Exploratory data analysis#
In this lecture, we’ll talk about EDA (exploratory data analysis) using the python framework seaborn. EDA is the process of using graphs to uncover features in your data often interactively. EDA is hard to quantify, but is touted by most applied data scientists as a crucial component of their craft. EDA is often summarized by the famous sayings
A picture is worth a 1,000 words
Or saying how impactful intrer-ocular content is (i.e. when information hits you right between the eyes).
I’m using Seaborn as the framework. There’s several plotting frameworks in python, but I find that seaborn has the nicest default plotting options. Also, it’s built on top of matplotlib, which is the main plotting library for DS for python.
Let’s start with loading up some libraries.
import numpy as np
import pandas as pd
import seaborn as sns
import matplotlib.pyplot as plt
## this sets some style parameters
sns.set()
First let’s download the data.

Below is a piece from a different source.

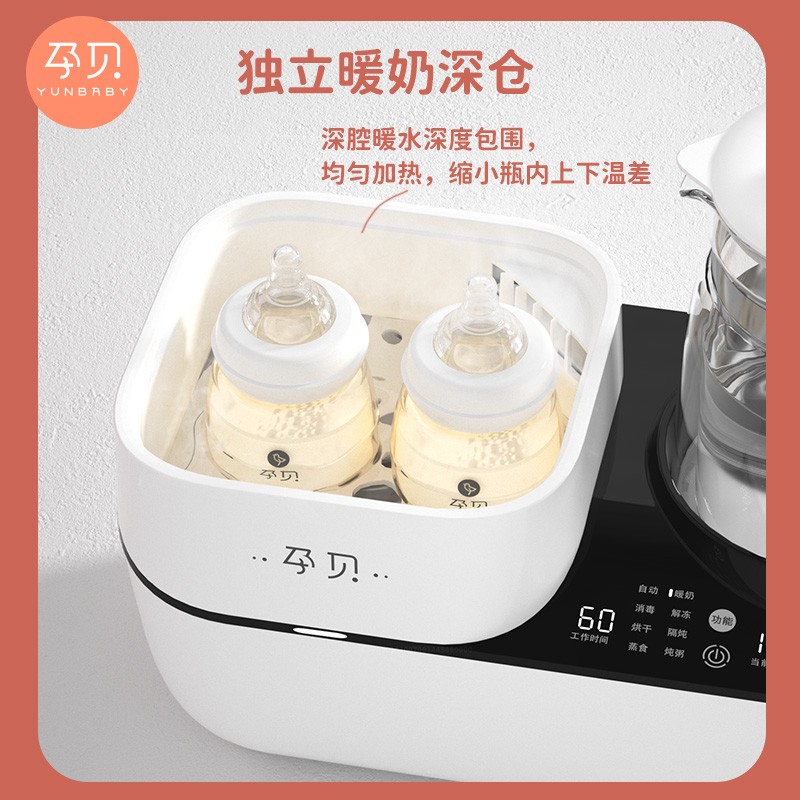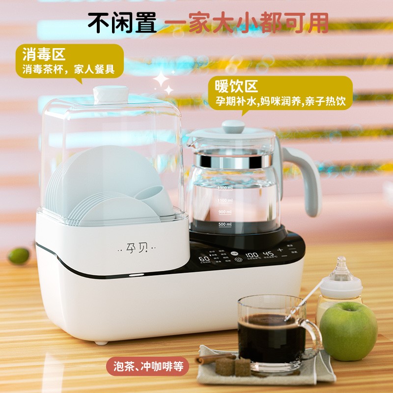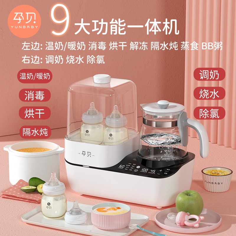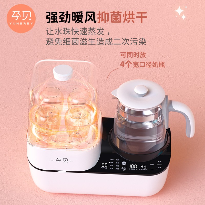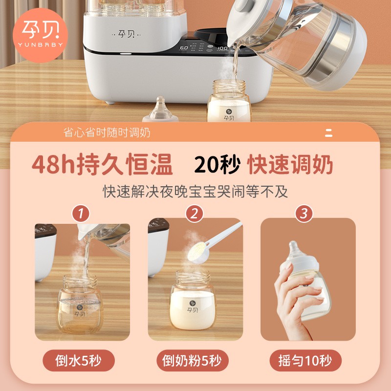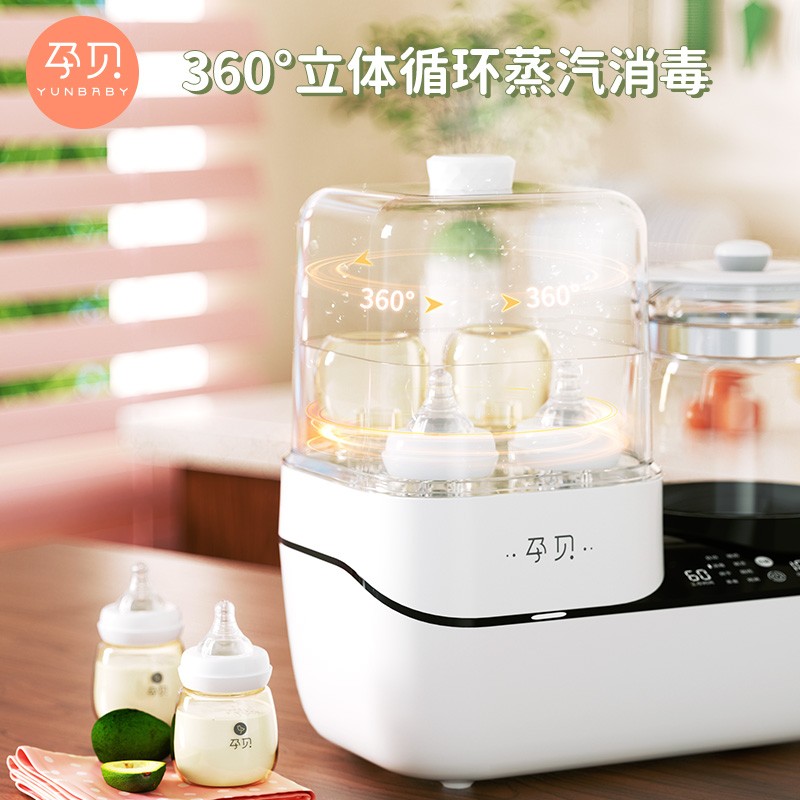 孕贝(yunbaby)这款二合一调奶消毒器,调奶和消毒左右分区,可单双边独立操作。消毒器立体循环蒸汽消毒搭配热风烘干,高效灭菌的同时避免水渍残留引起细菌滋生。调奶器采用1.3L大容量壶体,可满足多人饮水需求。具有48小时恒温调奶功能,设定好调奶温度,方便随时冲泡奶粉。尺寸为340*170*350mm。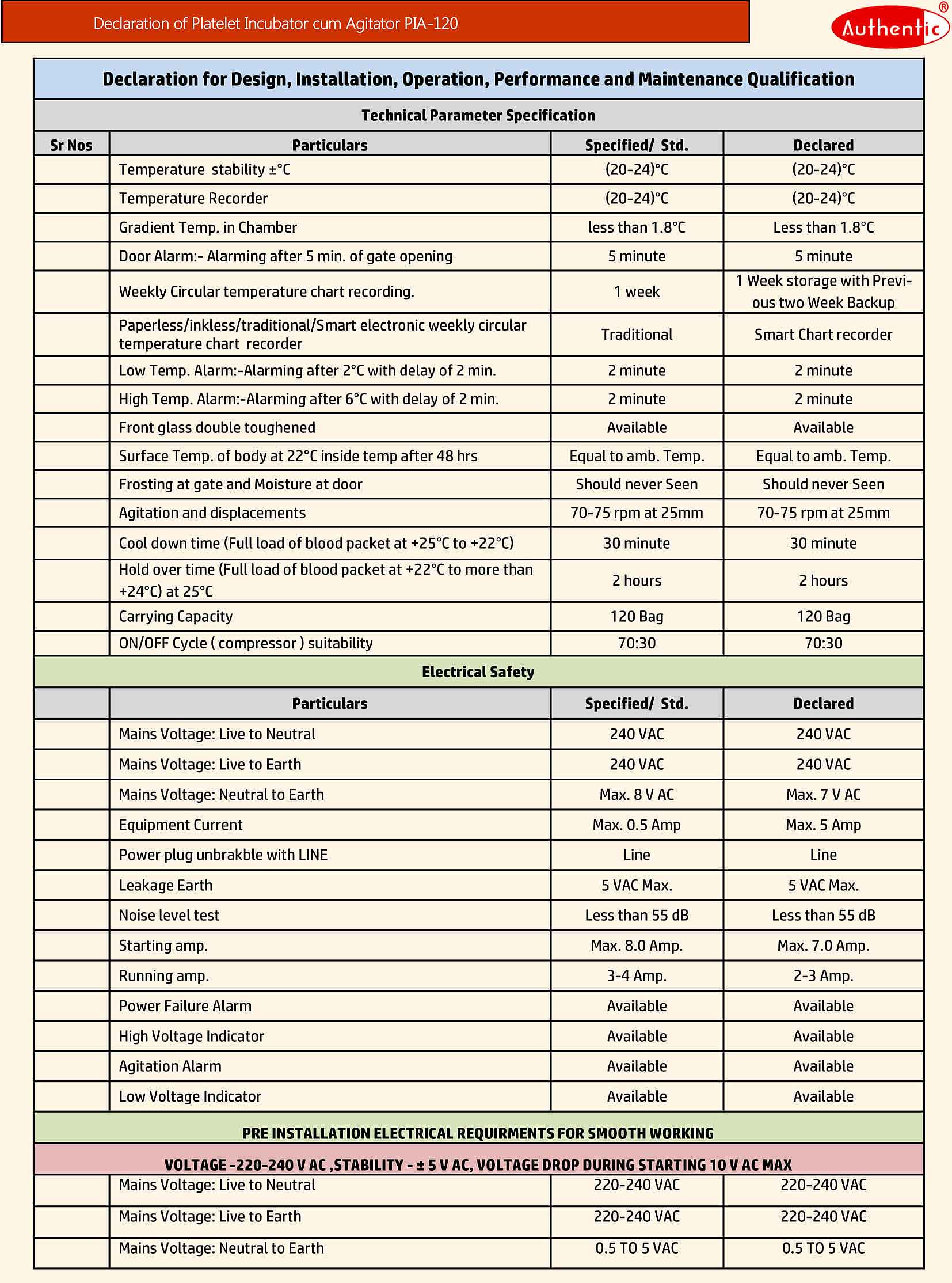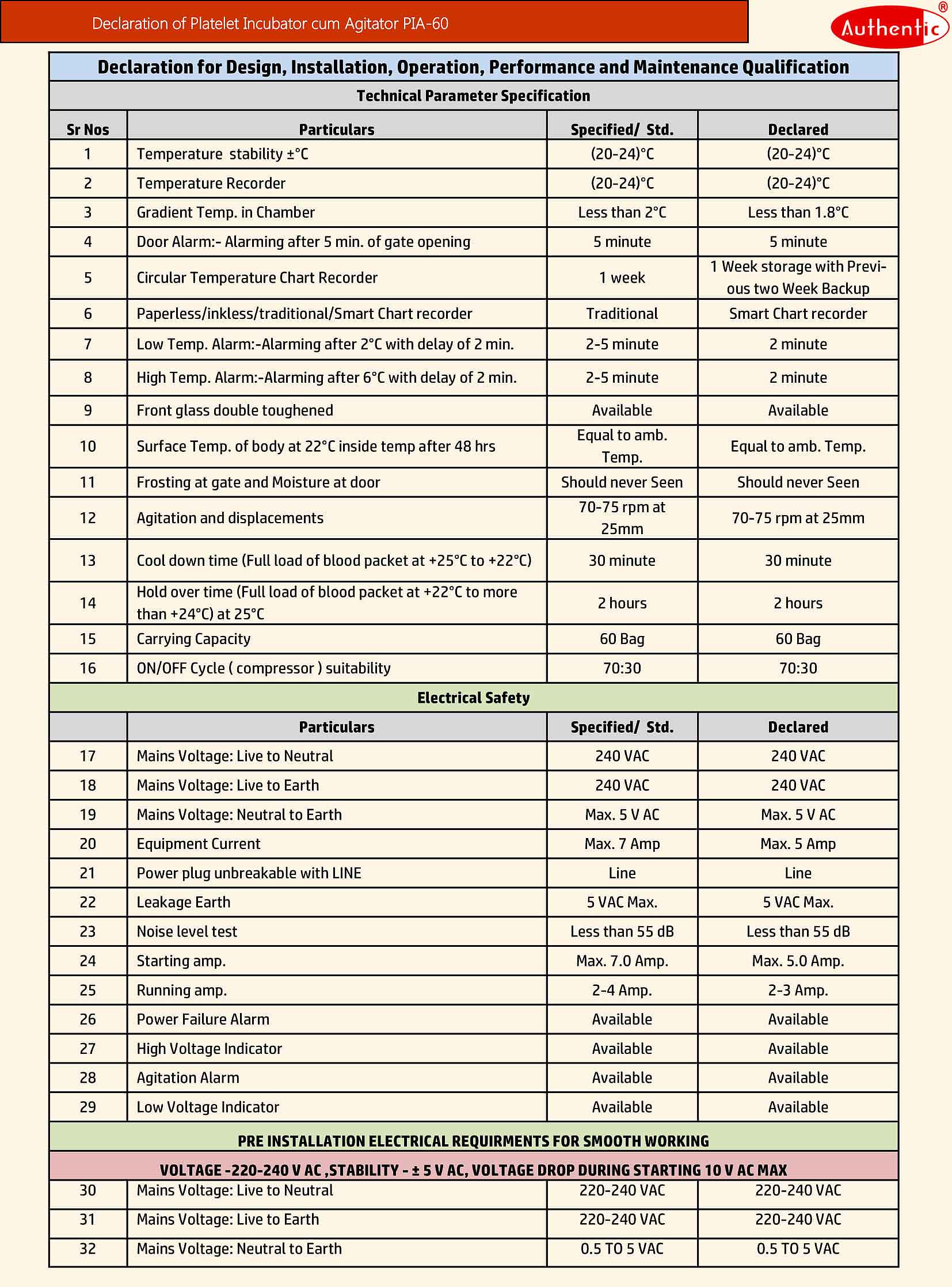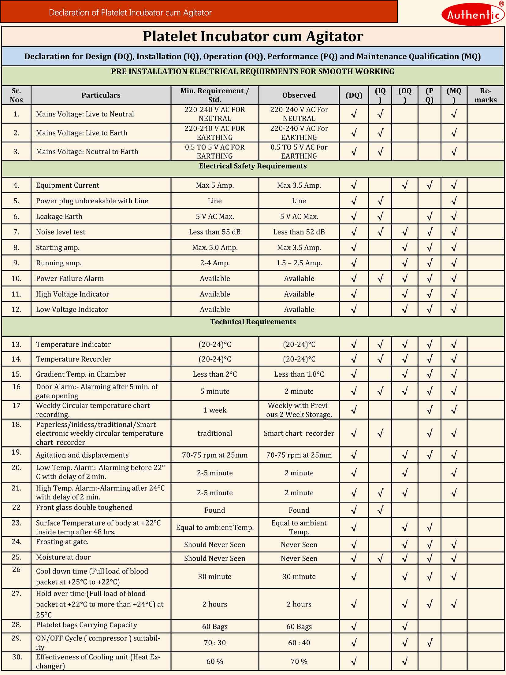 - Purpose : To agitate the Platelet Bags at 22°C so that

Then we’ll read it in and drop some columns that aren’t needed for this analysis.
## Reading it in, keeping only volume
df = pd.read_csv("https://raw.githubusercontent.com/bcaffo/ds4bme_intro/master/data/kirby21.csv")
df = df.drop(['Unnamed: 0', 'rawid', 'min', 'max', 'mean', 'std'],\
axis = 1)
df.head(4)
roi | volume | type | level | id | icv | tbv | |
---|---|---|---|---|---|---|---|
0 | Telencephalon_L | 531111 | 1 | 1 | 127 | 1378295 | 1268519 |
1 | Telencephalon_R | 543404 | 1 | 1 | 127 | 1378295 | 1268519 |
2 | Diencephalon_L | 9683 | 1 | 1 | 127 | 1378295 | 1268519 |
3 | Diencephalon_R | 9678 | 1 | 1 | 127 | 1378295 | 1268519 |
Let’s look at the Type 1 Level 1 data and create a variable called comp
which is brain composition, defined as the regional volumes over total brain volume. We’ll do this by selecting roi
and comp then grouping by roi
and taking the mean of the compostions.
## Extract the Type 1 Level 1 data
t1l1 = df.loc[(df.type == 1) & (df.level == 1)]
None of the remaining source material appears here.